What is DNA Transcription?

Transcription is the process by which your DNA creates RNA, and is an essential part of life. Computationally we can look at DNA and RNA as being composed of a sequence of several fundamental bases: adenine (A), guanine (G), cytosine (C), thymine (T), and uracil (U). While the biological process of transcription is quite complex, the high level expression of what happens in terms of bases is quite simple.

For an input DNA sequence composed of A, G, C, and T, the output is an RNA sequence composed of A, G, C, and U where:

For example:

 
Input  DNA: ATTGCGAGTC
Output RNA: UAACGCUCAG

Goal today:

There is one last complication however.
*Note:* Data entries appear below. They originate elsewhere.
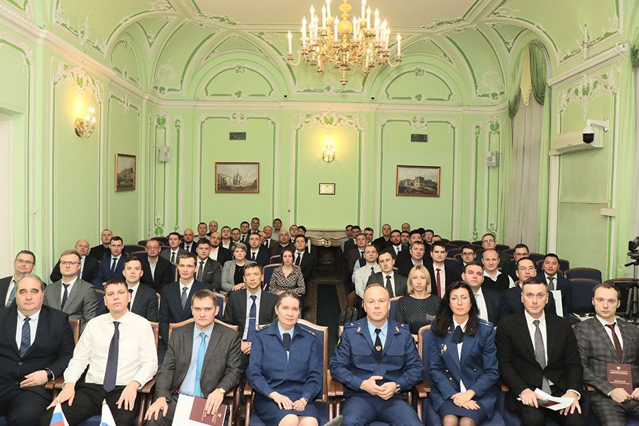 31 октября 2023 года в Санкт-Петербургском юридическом институте Университета прокуратуры Российской Федерации завершилось обучение слушателей по программе профессиональной переподготовки прокурорских работников, состоящих в резерве кадров для выдвижения на должности прокуроров городов, районов и приравненных к ним прокуроров специализированных прокуратур. Темы программы профессиональной переподготовки изучались в ходе лекций и семинарских занятий, а также выездных занятий, круглых столов, семинаров по обмену опытом и деловых игр. В результате обучения обучающиеся систематизировали имеющиеся знания по вопросам деятельности и информационного обеспечения в органах прокуратуры, участия прокурора в рассмотрении дел судами, прокурорского надзора, международного сотрудничества в сфере прокурорской деятельности. В ходе воспитательной работы слушатели посетили музеи истории и культуры, участвовали в спортивных мероприятиях. Поздравляем слушателей с итоговой аттестацией и желаем успехов в дальнейшей профессиональной деятельности!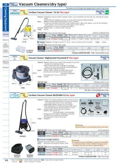 THENUMBERNEXTTOTHELOGOMARKINDICATESITEMSINSTOCKFOREACHBRAND.290MM420MM460MMJV-2EJV-2ECHG(CHARGER)350MM485MM360MM93955949670(CHARGER)5949688(BATTERY)5949653375MM390MM360MMHOSECREVICENOZZLEROUNDBRUSHCOMBINATIONNOZZLETELESCOPICWANDPAPERBAGTOOLADAPTERHOSENOZZLEFORFLOORNOZZLE/BRUSHFORFURNITURECREVICENOZZLEEXTENSIONPIPESETROUNDBRUSHCHARGERDUSTBAGACCESSORIESACCESSORIESCXSCORDLESSVACUUMCLEANERBLIZZARDCL(DRYTYPE)REPAIRINGOKSTOCK42ITEMSORDERUNIT:1PIECEFACTORYDIRECTSHIPPINGNOTINCLUDEDORDERCODEITEMNO.PRICE(PERPIECE)MSRP(PERPIECE)ITEMNAMECOMPATIBLEMODELWXDXH(MM)SPQ(PIECE)WEIGHT(KG)★836-47015949670¥22,680¥24,000CHARGERBLIZZARDCL140X170X8810.65★836-47025949688¥41,580¥44,000BATTERYBLIZZARDCL130X88X17011.85CONTACTUS:045-640-2280HTTP://CXS.CO.JP/ORDERUNIT:1PIECEFACTORYDIRECTNOFREIGHTCHARGECXSCORPORATIONORDERCODEITEMNO.PRICE(PERPIECE)MSRP(PERPIECE)DUSTCOLLECTIONCAPACITY(L)MAXVACUUMPRESSURE(KPA)MAXAIRVOLUME(M3/MIN)NOISELEVEL(DB)WXDXH(MM)SPQ(PIECE)WEIGHT(KG)★836-47005949653¥98,280¥104,00085.140.762375X390X36018.3AMANOCORDLESSVACUUMCLEANER"JV-2E"(DRYTYPE)REPAIRINGOKORDERCODEITEMNO.PRICE(PERPIECE)MSRP(PERPIECE)ADAPTATIONMODELSSPQ(PIECE)WEIGHT(KG)★474-0581JV-2ECHG¥28,080¥32,000JV-2E11.9CONTACTUS:045-439-2206HTTP://WWW.AMANO.CO.JP/ORDERCODEITEMNO.PRICE(PERPIECE)MSRP(PERPIECE)DUSTCOLLECTIONCAPACITY(L)MAXVACUUMPRESSURE(KPA)MAXAIRVOLUME(M3/MIN)NOISELEVEL(DB)WXDXH(MM)SPQ(PIECE)WEIGHT(KG)★470-8334JV-2E¥103,545¥118,000210.0(HIGH)1.4(HIGH)53(HIGH)290X420X460114.0STOCK70ITEMSORDERUNIT:1PIECEFACTORYDIRECTNOFREIGHTCHARGEAMANOCORPORATIONORDERUNIT:1PIECEFACTORYDIRECTNOFREIGHTCHARGEPENGUINVACUUMCLEANER"MIGHTYMAIDPOWERTANKⅡ"(DRYTYPE)REPAIRINGOKORDERCODEITEMNO.PRICE(PERPIECE)MSRP(PERPIECE)DUSTCOLLECTIONCAPACITY(L)MAXVACUUMPRESSURE(KPA)MAXAIRVOLUME(M3/MIN)NOISELEVEL(DB)WXDXH(MM)SPQ(PIECE)WEIGHT(KG)775-87829395¥162,000-69.02.765/62(STRONG/STANDARDMODE)350X485X36016.8STOCK33ITEMSURLHTTP://WWW.PENGUINWAX.CO.JP/ORDERUNIT:1PIECEPENGUINWAXCO.LTD.FEATURES●THEREISNONEEDTOPUTTINGAPOWERCORDIN/OUTOFANOUTLETANDHANDLINGTHEPOWERCORDSINCETHECLEANERISACORDLESSTYPE,ANDITCANBEUSEDSAFELY.●LIGHTWEIGHTDESIGNANDEASYTOCARRYAROUND.●THECOMBINATIONOFAHIGHPERFORMANCEFILTERANDADUSTBAGIMPROVESANAIRENVIRONMENTINAROOM.SPECS●POWERSUPPLY:DC36VLITHIUMIONBATTERY●BATTERYTYPE:LITHIUMION(EXCLUSIVEBATTERYSOLDSEPARATELY)●EQUIPPEDWITHABATTERYFUELGAUGEASSTANDARD●CONTINUOUSWORKINGTIME:40MINUTES●CHARGINGTIME:3HOURS30MINUTESORIGIN●ENGLANDFEATURES●EXCLUSIVEBATTERYFORBLIZZARDCL.SPECS●ELECTRICITYCONSUMPTION:APPROX.50WEXCLUSIVECHARGER/BATTERYFEATURES●CHARGEREXCLUSIVEFORJV-2E.●UPTO4PIECESCANBEMOUNTED.CHARGERFEATURES●ADOPTINGAMANUALROTATIONSWEEPERSYSTEM,ITCANPOWERFULLYSUCKFINEDUST,ETC.ENTERINGINTOCARPETPILES.●HEPAFILTERSAREAVAILABLEASOPTION,SOITCANALSOBEUSEDATMEDICALFACILITIES.SPECS●BATTERY:NICKEL-METAL-HYDRIDEBATTERY32.4VX2PIECES●CONTINUOUSOPERATIONTIME(WHENUSING2BATTERYPACKS):HIGHMODE,APPROX.UPTO40MIN/STANDARDMODE,APPROX.UPTO60MIN/ECOMODE,APPROX.UPTO100MIN●CHARGINGTIME:3HOURS30MINUTES(PERBATTERY)ACCESSORIES●BATTERYPACKX2,CREVICENOZZLE,DUSTBAGORIGIN●CHINAORIGIN●JAPANFEATURES●BATTERYTYPEVACUUMCLEANERTHATOPERATESFORUPTO60MINUTESINTHESTANDARDMODE.●SAFECORDLESSTYPEWITHNODANGEROFSTUMBLINGONTHECORD,ANDITALSOENHANCESWORKINGEFFICIENCY.●HIGHENERGYSAVINGPERFORMANCE.SPECS●POWERSUPPLY:LITHIUMIONBATTERY(6AH26.6V)●CONTINUOUSWORKINGTIME:45MINUTES(HIGH),60MINUTES(STANDARD)●CHARGINGTIME:3HOURS30MINUTESORIGIN●JAPAN●EXCLUSIVEBATTERYISSOLDSEPARATELYFROMTHEMAINBODY.WARNING●ACHARGEREXCLUSIVEFORBLIZZARDISINCLUDEDINTHEBLIZZARDCLMAINBODYSET(ITEMNUMBER:5949653).PLEASEPURCHASETHISBATTERYONLYWHENYOUNEEDANADDITIONALBATTERY.WARNINGCLEANINGEQUIPMENTCLEANERSBLOWERSHIGH-PRESSURECLEANERSSTEAMCLEANERSSWEEPERSRIDE-ONSWEEPERSPOLISHERSSTOCK470ITEMSVACUUMCLEANERS(DRYTYPE)9-8*0515172*9-8ORDERCODEYELLOW…INSTANTDELIVERY(JAPANONLY)BLUE…BACKORDER(CARRIAGEEXCLUDED)ITEMNO.PINK…STOCKININDONESIA/THAILAND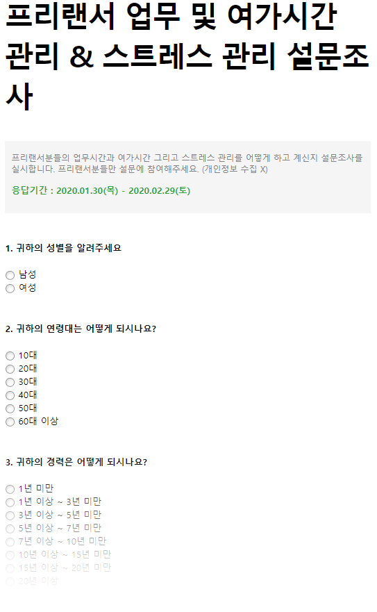 '프리랜서 여가활동 및 스트레스 관리'에 관한 설문조사를 진행합니다.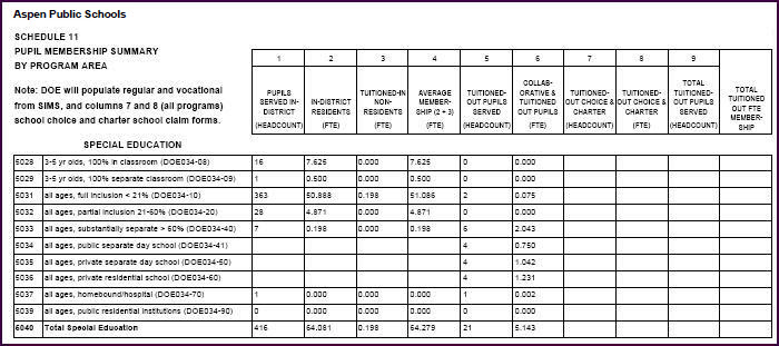 Note: Aspen does not calculate values for columns 7, 8, 9 or the Total Tuitioned Out FTE Membership column.
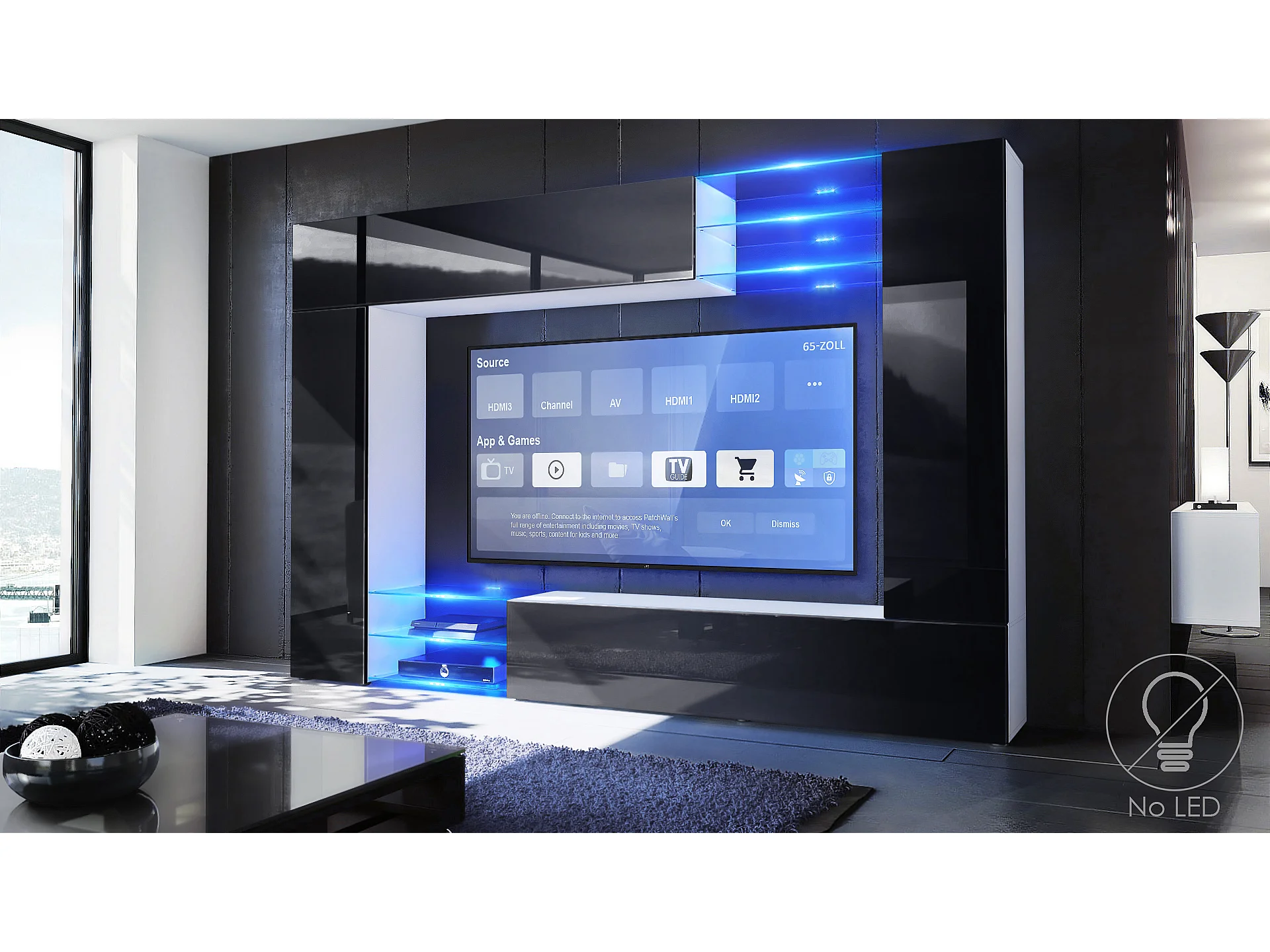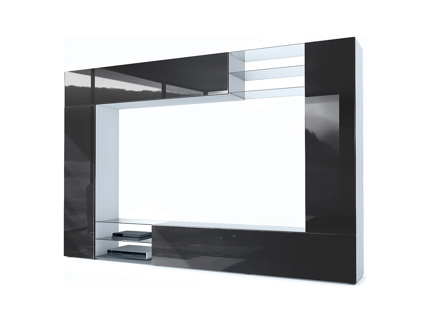 Meuble TV mural Mirage, Ensemble étagère TV avec panneau arrière et 2 portes, 2 clapets et 6 étagères en verre, Blanc mat/Noir brillant (262 x 183 x 39 cm)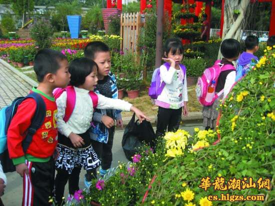 据了解,汕头市区第26届群众菊花展览将持续展出至12月中旬。其中,主展区中山公园展出菊花3.5万盆,近200个菊花品种,集中展示品种菊、盆景菊、悬崖菊、精品菊等,同时用文字和图片介绍我国源远流长的菊花文化。华侨公园展区也有2.5万盆菊花及其它花卉迎接游客,园区园丁辛苦培植的5000盆大立菊、大柱菊、塔菊等多品种菊花组成“中华情”、“喜盈门”、“龙腾盛世”、“乡村小憩”等8个景点,既有外国著名景观,又有潮汕农家乐,构思巧妙、别具韵味;公园还购入2万株万寿菊、一串红、矮牵牛等,利用这些花卉和小盆菊花在公园入口正面大草坪组成“色带”图案,配合绚丽绽放的菊花景点,形成百花竞艳、花香四溢的景观。右图:孩子们被眼前的花海“醉”倒了。

In practice DNA seqeuences are quite long- for example the human genome is over three billion base pairs. Thus, genome data is always stored digitally rather than entered or worked with by hand. Thus our goal today is to write a function that takes two input arguments: the name of an input file and the name of an output file.

Our function today will open a DNA input file for reading, convert the DNA base pairs there to RNA according to the mapping above, and then write the RNA output to the output file. If our function encounters any errors- for example if the input or output files can't be opened, then our function will print a descriptive error message and quit gracefully rather than crashing.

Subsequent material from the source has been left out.